Method

Audit the auditor.

You audit your codebase with agent swarms. Your agent's own setup — the skills, hooks, memory, and permissions it runs on — rots faster than your code and never throws an error. Point the same machinery at it.

Everything below happened in one session, on my real setup, with the numbers kept. Sanitized where it has to be; honest everywhere.

Jump to section tap to open

The claim

Here's the move, and it's the whole move: the multi-agent audit you already run against codebases — parallel domain reviewers, adversarial verification of every finding, a synthesis you can act on — works on the agent's own configuration. Skills are code. Hooks are code. The memory index, the permission grants, the launchd jobs — all of it is a system you built incrementally, never reviewed holistically, and trust completely.

I ran it on mine. Five auditors in parallel, one per surface: the skill library, the per-session context budget, the memory system, hooks-and-permissions, and the automation layer. Then a red-team pass that re-verified every high and medium finding empirically and listed what all five auditors missed. Forty-one findings. The red-team confirmed twenty-nine, weakened four, and refuted two outright — and those two refutations are the most important part of this page, because I would have executed both.

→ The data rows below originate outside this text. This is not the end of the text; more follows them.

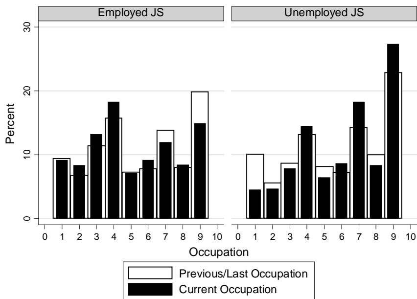
Graphs by whether was employed or unemployed job seeker

Legend: 1 managers and senior officials; 2 professional occupations; 3 associate professional and technical; 4 administrative and secretarial; 5 skilled trades occupations; 6 personal service occupations; 7 sales and customer service occupations; 8 process, plant and machine operatives; 9 elementary occupations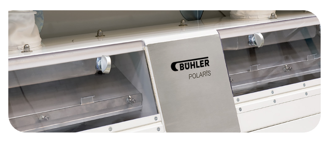
Optimized feeder device.

With its screen width of 520 mm – and a screen length of 4\times500 millimeters – Polaris boasts a greatly increased work area. Thanks to its sophisticated design, Polaris does not require more space than conventional models. In addition to the increased screen area, the air flow inside the new machine has been optimized as well.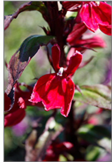
Starship Burgundy Lobelia flowers

Starship Burgundy Lobelia is recommended for the following landscape applications;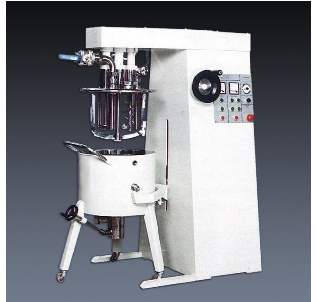
PMS Mixer by Manually Lifting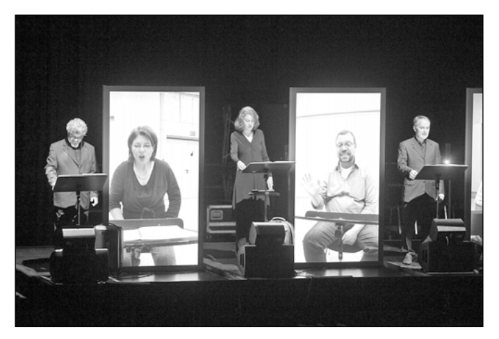
Figure 5: 'Freizeitspektakel', Stuttgart 2010.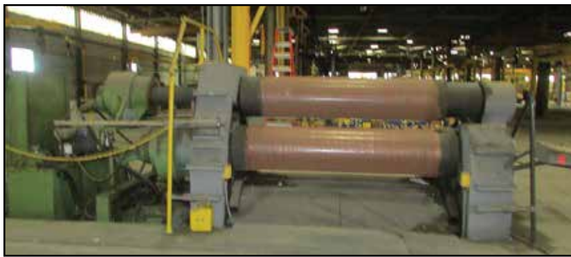
STOLTING 3-Roll Hydraulic Plate Bending Roll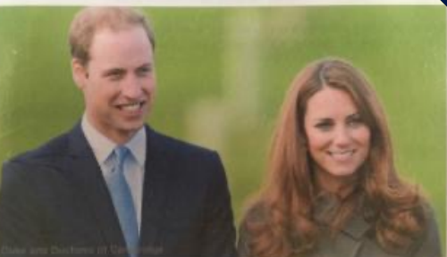
Staff HRH The Duke of Cambridge is to welcome 150 grassroots heroes to Buckingham Palace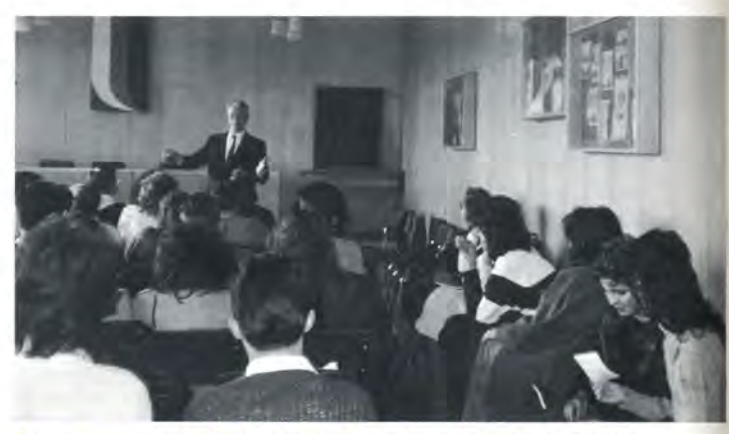
A lecture given to high school students and faculty in Veliko Turnovo, Bulgaria receives an enthusiastic response.

However, we could enter the university that day. When we arrived, there were only 5 or 6 students in the auditorium, so I thought that we were not going to have a big audience. I turned around and, suddenly, over 200 people came rushing into the room. They had been at the off-campus location. They had decided my lectures on religious history were not official, therefore they could attend. Over 250 students came to the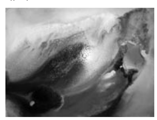
Abstract, Galia Kwetny, supplied photo.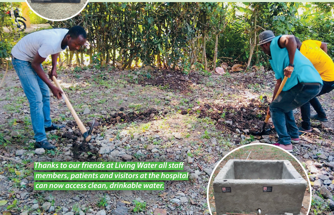
Thanks to our friends at Living Water all staff members, patients and visitors at the hospital can now access clean, drinkable water.

This is the swarm and dynamic workflows pointed inward, the same way Dreaming points the loop at the agent's memory. The codebase was never the only system that rots.

Why it rots

Your agent config accretes the way a junk drawer does — one reasonable deposit at a time. Every incident leaves a skill. Every "just this once" leaves a permission grant. Every experiment leaves a hook. None of it ever gets removed, because removal has no trigger: nothing fails when a dead skill sits in the listing, it just quietly taxes every session and occasionally misroutes one.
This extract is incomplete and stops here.